Rather than adding pressure on the team, Valhalla’s musical triumph opened up new opportunities for Mirage.
“It gave us more visibility inside the development team, that music brings something very important to the game,” says audio director Etienne Marque. “It’s more helpful than anything else.”
That success already had a direct impact on the ambition and mission of Mirage. Music supervisor Simon Landry adds that “even today, being here and recording with a real orchestra” was made possible in part because of Valhalla’s success.
As the hotly anticipated next entry in Ubisoft’s crowned jewel, expectations are sky-high.
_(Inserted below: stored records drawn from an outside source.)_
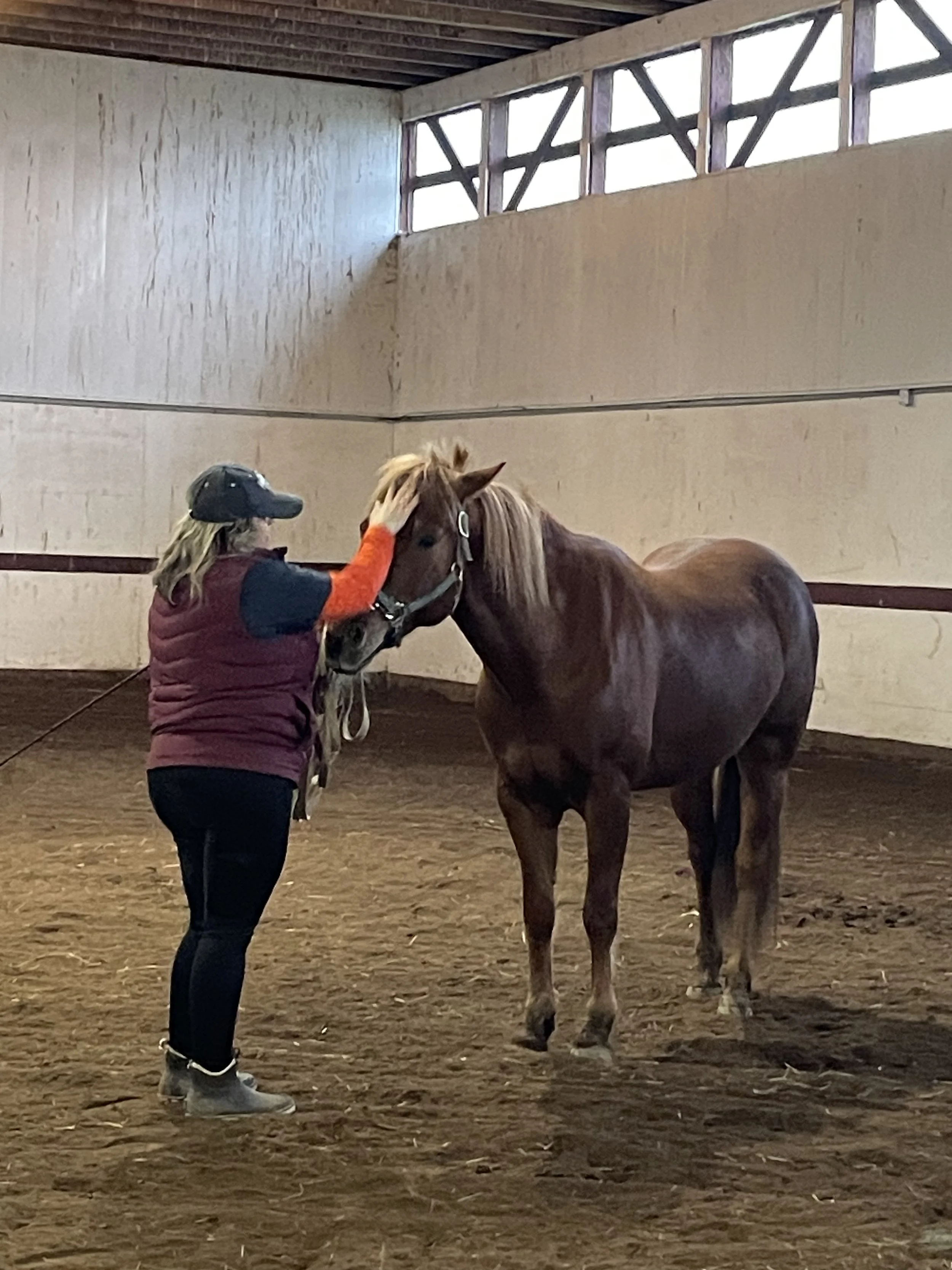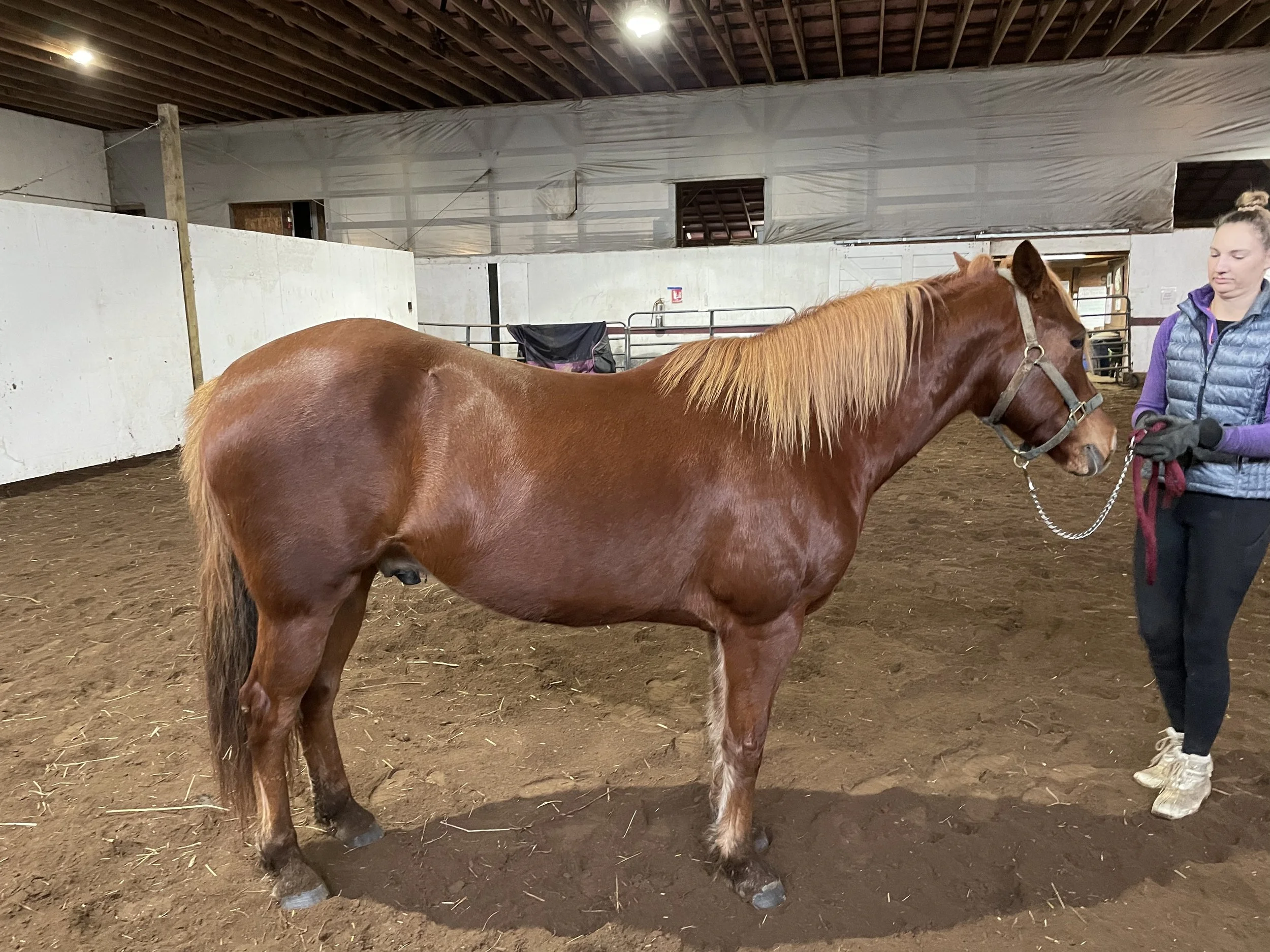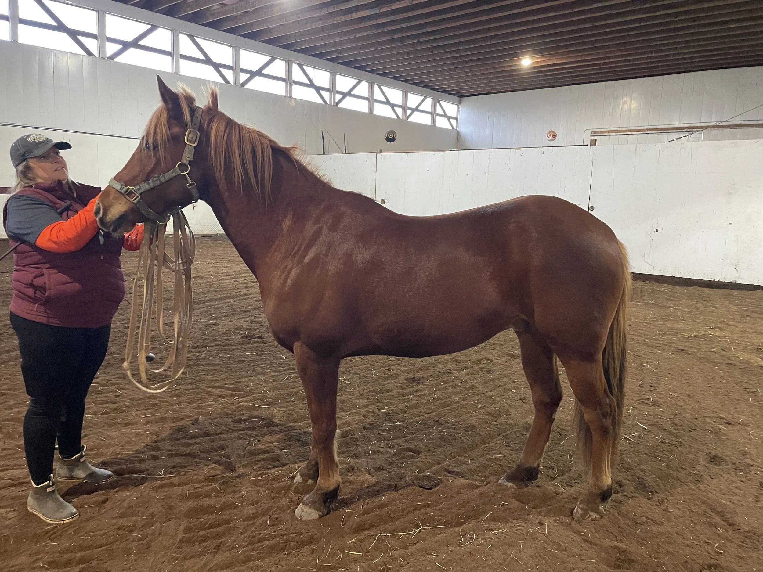 Joe has worked with trainer Patty Chilson of CC Stables to build trust and essential skills, and he continues to excel, now working on Liberty training with one of our schoolers. He’s thriving and learning every day, preparing for a forever home where he can share his wonderful energy and joy.
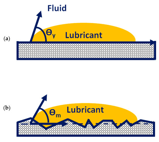 According to the Wenzel relation [42], increasing the surface roughness to a certain extent enhances the ability of the liquids to retain their contact with the surface (increase wettability). The WPC treatment process increases the surface roughness of the rollers by forming a fine micro-dimpled surface. This is one of the main reasons for the reduction in frictional losses. Due to the dimpled surface, an oil film is retained on the surface of the roller, which reduces the direct contact between cam and roller, and as a result, friction is reduced. The film’s retention is maximum at lower temperatures and weakens with the increase in temperature because at high temperatures the surface energy reduces, and as a result the bonding between the roller’s surface and the liquid film diminishes. As the surface roughness increases, the disruption of intermolecular bonds also increases, which leads to elevated surface energies. Because of the high surface energy, the surface tends to bond with the liquid molecules in order to minimize the energy, and liquids consequently achieve the complete wetting of surfaces. The increase in surface roughness also reduces the contact angle, i.e., the angle between the tangent to the liquid–vapor interface and the line that represents the apparent solid surface, Figure 17. This reduction in contact angle also increases surface wettability.
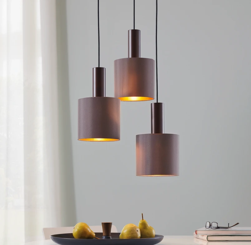 With the pendant luminaire, numerous living rooms are stylishly rounded off. The timeless shape of the lamp and its elegant appearance make it an absolute eye-catcher. The lamp optimally illuminates the kitchenette or dining table and surprises with delicate accents in gold. The dark brown design of the lampshades also harmonises perfectly with the likewise brown cables and the round bracket on the ceiling.
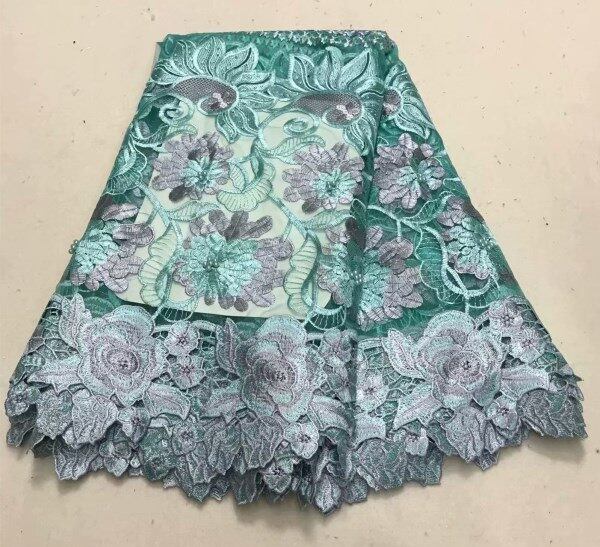 最新 2019 シンプルなデザインフレンチスタイルのチュールレースビーズスカイブルー刺繍フレンチレースの生地ウェディング w8-20
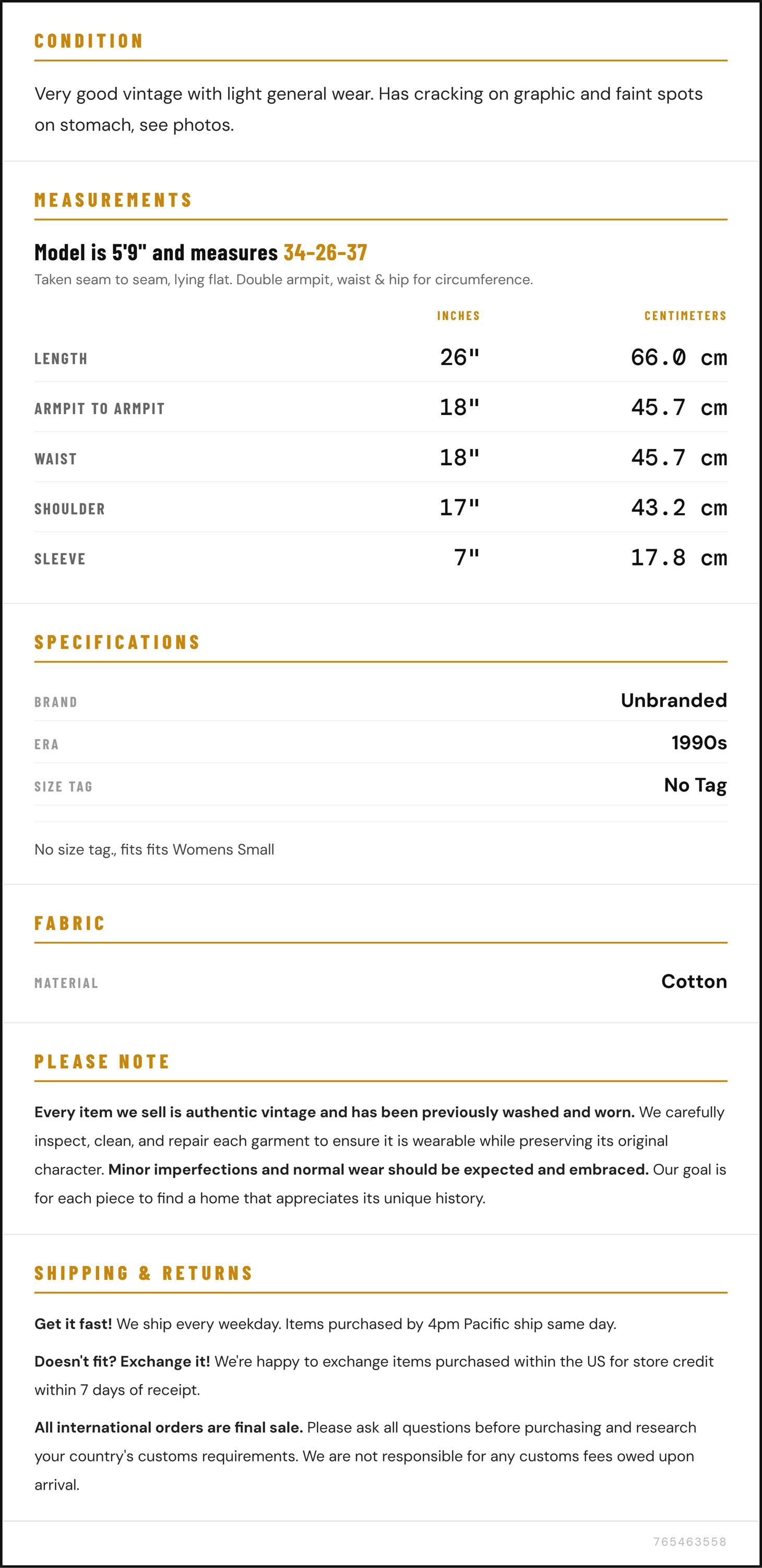 Condition: Very good vintage with light general wear. Has cracking on graphic and faint spots on stomach, see photos.
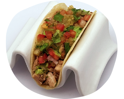 Chicken, Onion, Cilantro, Salsa Verde Tatemada, Avocado Salsa on Handmade Flour Tortilla
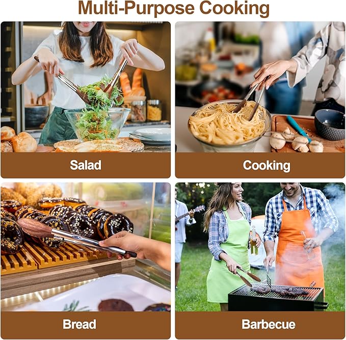 - Versatile Tongs for Cooking: The salad tongs come in an walnut wood color, our tongs for serving food come with stainless steel grip and wooden tips to protect the surfaces of your non-stick pans, Stainless Steel Grip is comfortable and effortless to clean,they're perfect as BBQ tongs for outdoor grilling or as salad tongs for indoor dining
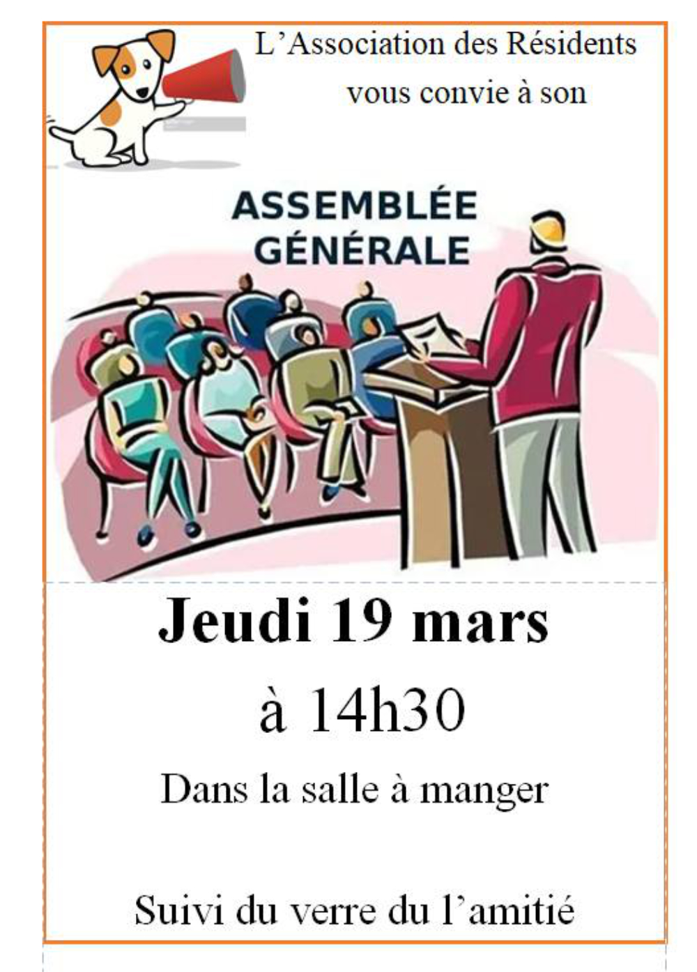 L’Association des Résidents invite ses membres à participer à son assemblée générale, jeudi 19 mars à 14 h 30. La rencontre se tiendra dans la salle à manger de la résidence, comme chaque année. Un moment d’échange officiel suivi d’un verre de l’amitié pour clore la journée dans la convivialité.

I asked Angelides if he researched the franchise’s music before pitching for the job.
His response? “Honestly, no.”
“When I first started, there was a demo process to create a thing and send it in” he recounts. “Admittedly, I listened to probably 15 seconds of all the other [games]. I don’t want to be drawn too much into a particular thing. They’re going to ask me what I might do with this. It needs to be an authentic vision. I think it might have clicked for them because it did not sound like some of the other [games].”
The back-to-basics approach of Mirage also does away with the open-world RPG elements the series has relied upon since 2017’s Origins. This time, the game will take place in just one city – Baghdad. Ninth-century Baghdad was a thriving center of culture, a defacto capital during the Islamic Golden Age. Angelides's research on this era led to the defining theme of the city’s sound being “liveliness.”
“There's a sonic imprint that feels cohesive,” says Angelides, “making sure that Baghdad is a beautiful tapestry with a darker side sneaking around.” This darker side is the enduring conflict of the series — that of the Assassins and the Templars.
Mirage will put players in the shoes of protagonist Basim, who returns from a supporting role in Valhalla. But unlike the weathered assassin we see in that game, Basim begins Mirage as a novice. A major goal of the score was to reflect the journey from, as Angelides puts it, “fumbling innocence to a more refined kîller.” He adds, “By the end, the sonic palette is still cohesive but it is a whole other side of the coin.”
In order to capture both Basim and Baghdad through sound, Angelides collaborated extensively with Layth Sidiq, a violinist and the artistic director of the New York Arabic Orchestra. Sidiq connected Angelides with other musicians and helped him refine the sound profile of the game, one with a heavy focus on strings mixed with traditional Arabic musical instruments like the oud. Angelides held onto the sci-fi premise of Assassin’s Creed by weaving electronic synth into the more historical instruments.
The combination of research, collaboration, and experimentation is unlike anything “achieved before for an Assassin’s Creed game” says Landry. The end result, Landry believes, will help players immerse themselves in the stealth-focused gameplay, keeping them in the “predatory mindset” of an assassin.
Letting the music wash over me as I sat in the sound booth, I was transported from the foggy weather of Manhattan to the heat of a Baghdad day filled with lively bustle. None of that is possible without the strong commitment to collaboration from Angelides and the team at Ubisoft.
“If we are going to do this, we have to make sure that we are hiring a group of people that live and breathe this culture and can actually represent it,” Angelides says.